Produced for Scholastic by Color-Bridge Books, Brooklyn, NY, 2004.
Picture book non-fiction, 32 pages (including back matter).
Lexile: 660L  (for some reason, the illustrator is listed as the author)
AR Level: 3.8 (worth 0.5 points)
NOTE: Part of the Just For You series, level 3.  This book is non-fiction.
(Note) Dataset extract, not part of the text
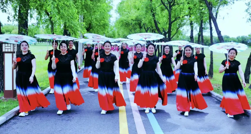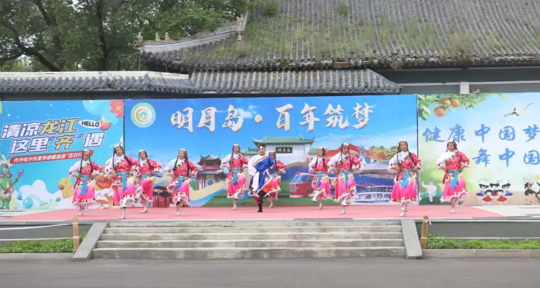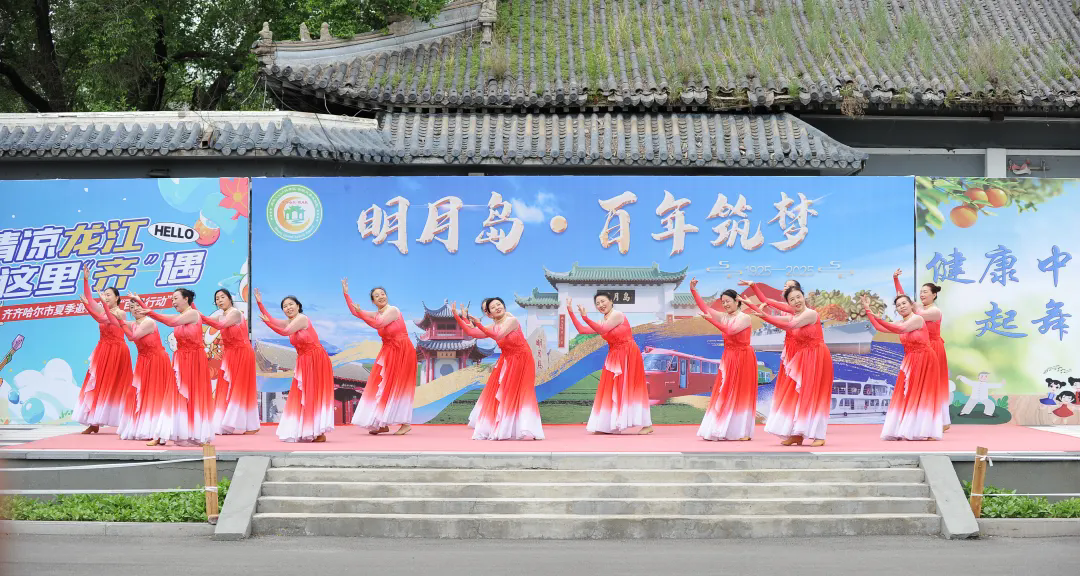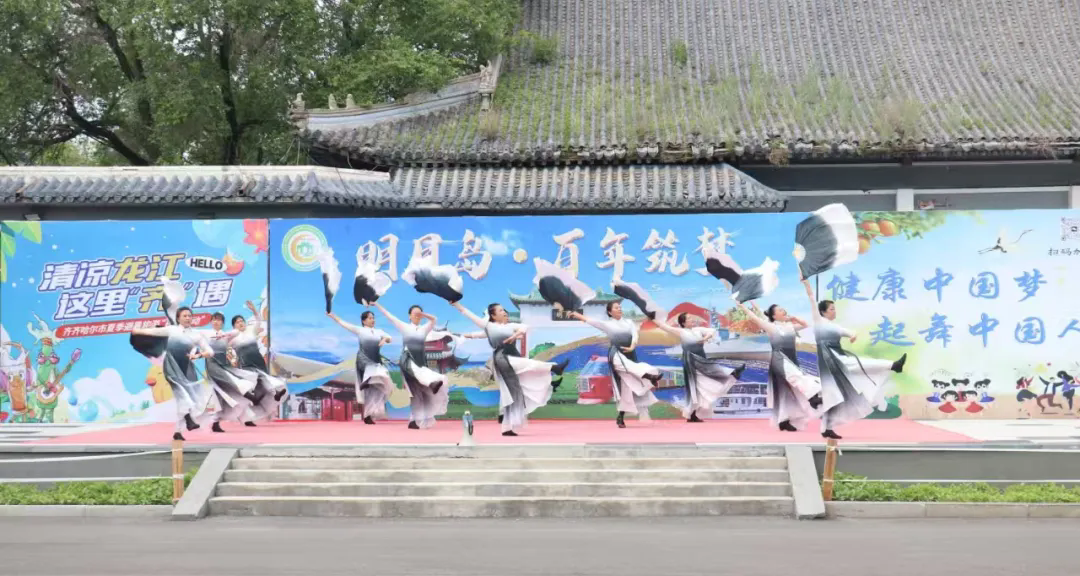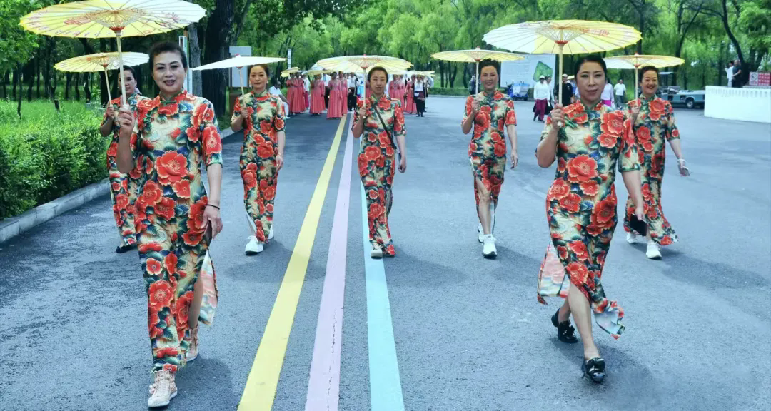 活动现场,气氛热烈而欢快。由齐齐哈尔市舞蹈家协会新文艺群体带领的27个团队,相继表演了《杏花落》《千古情韵》《想西藏》《春光美》《春风十万里》《草原欢歌》等精彩舞蹈节目。随后,备受期待的时装走秀环节将活动推向高潮。32支模特团队、700余位表演者依次亮相,在碧水蓝天的映衬下尽展风采:有的手撑油纸伞,迈着轻盈而优雅的步伐踏上浮桥;有的裙摆飞扬,精致的服饰细节在阳光下熠熠生辉;有的不时驻足回眸,一颦一笑间尽展东方神韵。摄影师们频频按下快门,多架无人机在空中盘旋,从不同视角捕捉这场时尚活动的精彩瞬间。观众们被精彩的表演深深吸引,赞叹声与掌声此起彼伏。

This book is about Sheyann Webb and her friend Rachel West, two third graders who marched in Selma with Dr. Martin Luther King, Jr.  These nine year olds also sang for Dr. King and attended civil rights meetings, defying and later inspiring their parents and teachers by doing so.

singing-for-dr-king-cover
Singing for Dr. King by Angela Shelf Medearis

This book instantly stood out from the pile of books because anything about Dr. King is hugely popular in my house.  Then when I opened the book and read the first page, I knew it was non-fiction partly by the way in which the characters were introduced.  Here is the opening:

“In 1965, Sheyann Webb was in the third grade in Selma, Alabama.  She was smaller than most third graders, including her best friend, Rachel West.  //  Rachel was nine.  She lived with her family in the apartment next door to Sheyann’s.” p. 5

Fiction books for young children simply don’t open that way, giving the full names, ages, and year on the opening page.  It happened that I had just been reading A Child Shall Lead Them, so I quickly recognized the names and scenarios from that book.  However, a reader who was not already familiar with these events could easily have mistaken this book for fiction that was written oddly.